The Canadian International Trade Tribunal found that a flexible application of the computed value method (CVM), the FCVM, was the most appropriate for valuing, pursuant to s. 52(2) of the Customs Act, Pier 1’s imported goods for the relevant period, and requested that the parties prepare additional submissions on the amount of profit and general expenses to be included in the goods’ value for duty purposes (VFD. As a result, the Tribunal rendered an order on December 16, 2021, which fixed the mark-up percentages for Pier 1’s profit and general expenses. The Attorney General now brought both an appeal pursuant to s. 68(1) of the Customs Act regarding alleged errors of law in this order and an application for judicial review pursuant to s. 28(1)(e) of the Federal Courts Act regarding the alleged unreasonableness of such order.

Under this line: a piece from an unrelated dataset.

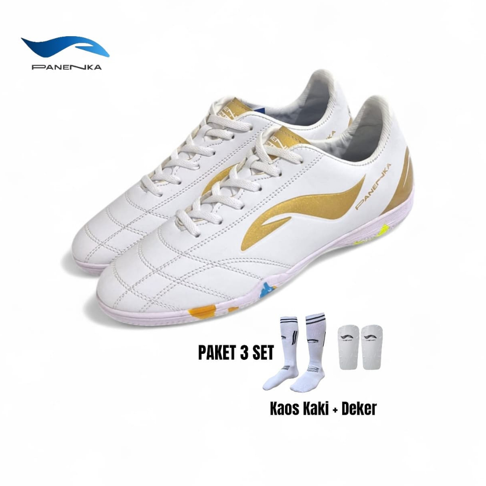PANENKA - Paket Komplit Sepatu Futsal Panenka Revolt White kuningan mengkilap Free Kaos Kaki Skin Deker Stringbag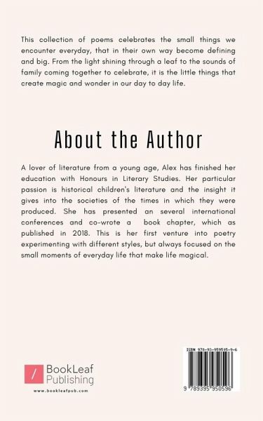 This collection of poems celebrates the small things we encounter everyday, that in their own way become defining and big. From the light shining through a leaf to the sounds of family coming together to celebrate, it is the little things that create magic and wonder in our day to day life.

In discussing the issue as to whether s. 18.5 of the Federal Courts Act precluded the judicial review application given that there was a statutory appeal mechanism under s. 68(1) of the Customs Act, albeit, only regarding errors of law, Boivin JA, in finding that the Court, was bound by the finding of the majority in Best Buy (2021 FCA 161), as confirmed in BCE (2022 FCA 152), stated (at para. 29):
The majority, however, found that such a complete bar to judicial review would be incompatible with the rule of law. Hence, the majority concluded that both errors were reviewable—errors of law are reviewable under the correctness standard via the statutory appeal mechanism in subsection 68(1) of the Customs Act, while errors of fact are reviewable under the reasonableness standard through an application for judicial review … .
After dismissing both the appeal and the application, Boivin JA went on to state (at para. 52):
The better approach to reflect Parliament’s intent and the rule of law might be the more restrictive stance adopted by the Ontario Court of Appeal, which reiterates that “judicial review is always available,” but mandates that courts ask themselves whether it is an “appropriate” exercise of their discretion, adding that this is so only in “rare cases” (Yatar [2022 ONCA 446, leave granted] at paras. 42, 48).